Меня встретили музейная тишина и внимательный холодный взгляд человека, немало повидавшего на своём веку. Повидавшего столько, что хватило бы не на одну непростую жизнь. Взгляд великого мужа, опалённого пламенем мартенов и страстей, достигшего всего, чего пожелал и смог.

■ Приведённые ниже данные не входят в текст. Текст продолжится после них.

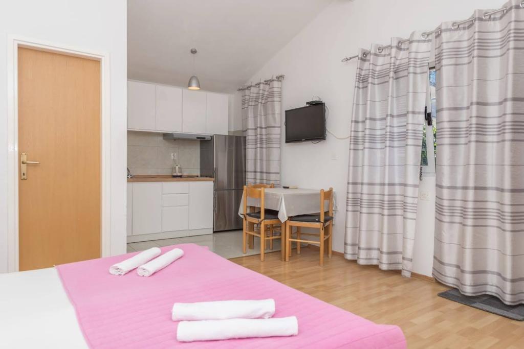 Die Apartments liegen 150 m vom Strand und Restaurants, 500 m vom Zentrum entfernt und verfügen über einen privaten Parkplatz pro Auto, Klimaanlage, WLAN, TV, eine Terrasse mit Meerblick und einen Rabatt von 20 m². Wir bieten verschiedene Apartments an: Studios mit 2+1 Schlafzimmern, Studios mit 2+2 Schlafzimmern und Apartments mit einem Schlafzimmer mit 3+2 Schlafzimmern. Für weitere Informationen kontaktieren Sie bitte den Vermieter. Vielen Dank, Andrea Roso.
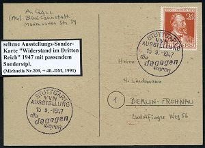 3195 | 30 € | 7000 Stuttgart Sonder- & Hand-Werbestempel : STUTTGART/ VVN/ AUSSTELLUNG/ die/ dagegen/ waren 1947 (15.9.) schw.-viol. SSt klar auf Ausstellungs-Sonderkarte mit Hakenkreuz u. KZ-Winkel (Michaelis Nr.3, + 40.-DM, 1991) seltene Fern-Kt. (Bo.105) | ![]() ![]() | |

Бесстрашный и упорный борец, пусть и потрёпанный беспощадным временем, но сохранивший непреклонный характер и железную волю, закалённую в адовом пламени жизни. Тот, чьё имя до сих пор вызывает у одних – благоговейный трепет, у других – гримасу злобы и зависти, у третьих – вздох сожаления и приступ ностальгии. У меня, стоящего на пороге его кельи, на тот момент внятного и определённого отношения к старику не сложилось. Мысленный портрет профессора, составленный мной со слов его дочери и жены, был похож на схематичный и нечёткий фоторобот из милицейских ориентировок.
Неприятное предчувствие и ощущение тяжести навалились на меня, едва мы встретились глазами. Я глубоко вздохнул, чтобы успокоить дыхание, сбитое волнением и подъёмом по скрипучей деревянной лестнице. Зачем-то пересчитанных мною ступенек было три, шесть и девять, итого – восемнадцать. Я поздоровался и представился. Он молча кивнул в ответ на моё приветствие и неопределённо указал на кресло у стены, или – сразу не поймёшь – установил дистанцию, проведя в воздухе невидимую черту, которую я не должен переступить.